● DIRECTIONS FOR THIS TASK:
Pick each line containing the word "City" out of the data below.

Dataset entries:
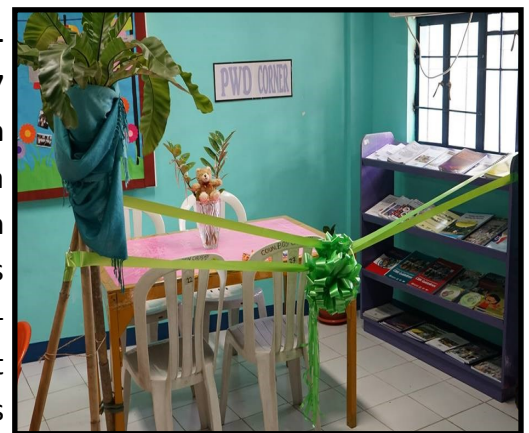
The Newly Launched PWD Corner
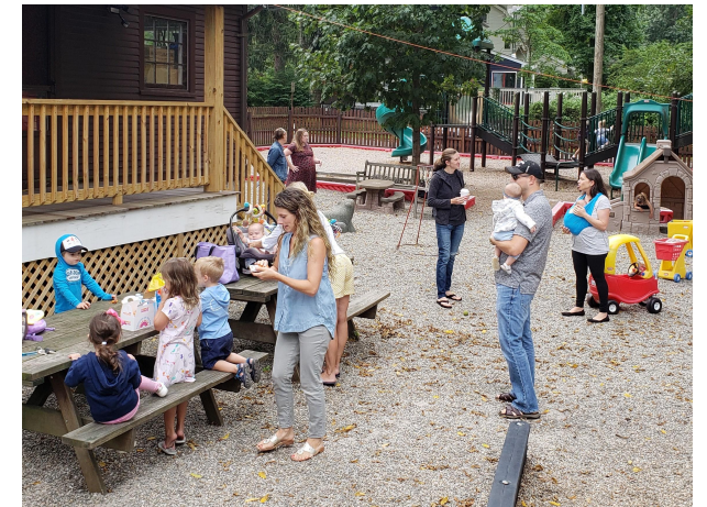
Playgroup September 2018
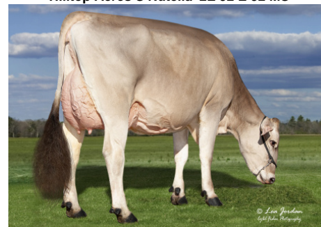
Hilltop Acres Nash Iggy
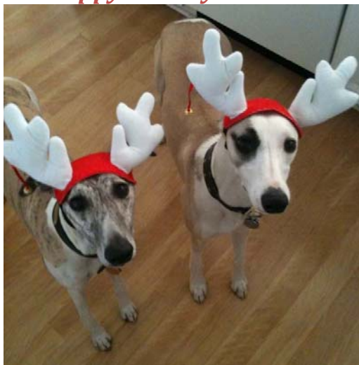
"Monty" Tangens Two For The Road (litter 08) with step brother Hunter ready for Christmas
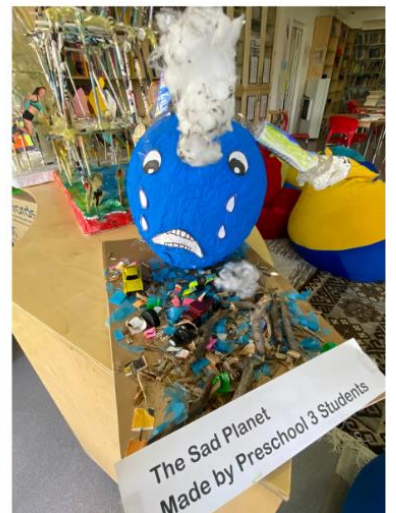
The Sad Planet Made by Preschool 3 Students
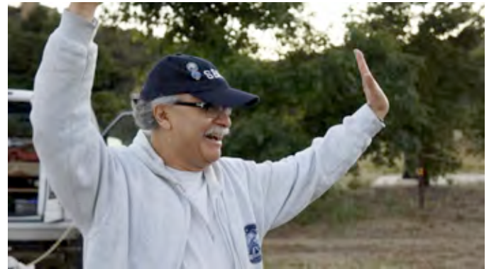
"I give up! How many astronomers does it take to screw in a light bulb?"
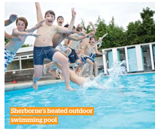
Sherborne's heated outdoor swimming pool
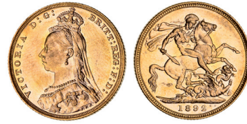
1678* Queen Victoria, 1892 Sydney. Choice uncirculated, one of the finest known.

Ex Chris Hall Collection, from Downies RBA sale 29.11.05 and eBay 10/4/10.
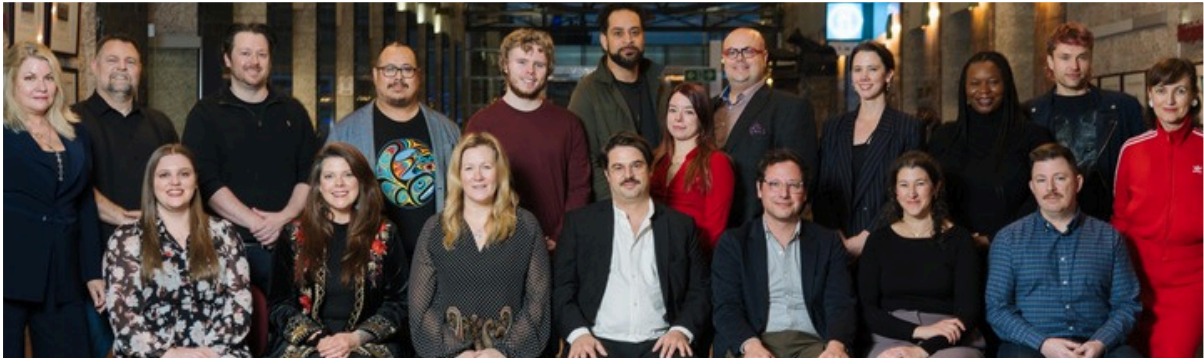
City of Ottawa Nightlife Council, 2025

The Nightlife Council was established in January 2025 following an extensive recruitment process that attracted 500 applicants from across Ottawa. The Council is composed of 18 members, including six seats specifically reserved for representatives from economic and cultural development organizations. The primary role of the Nightlife Council is to enhance communication and collaboration between the City, nightlife businesses, and residents, while providing strategic guidance and support to the Nightlife Commissioner and the Nightlife Office.
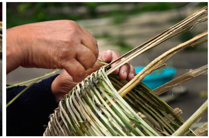
Thick bamboo stick is used for the border and interlocked with bamboo strips.

● ANSWER BELOW:
City of Ottawa Nightlife Council, 2025
The Nightlife Council was established in January 2025 following an extensive recruitment process that attracted 500 applicants from across Ottawa. The Council is composed of 18 members, including six seats specifically reserved for representatives from economic and cultural development organizations. The primary role of the Nightlife Council is to enhance communication and collaboration between the City, nightlife businesses, and residents, while providing strategic guidance and support to the Nightlife Commissioner and the Nightlife Office.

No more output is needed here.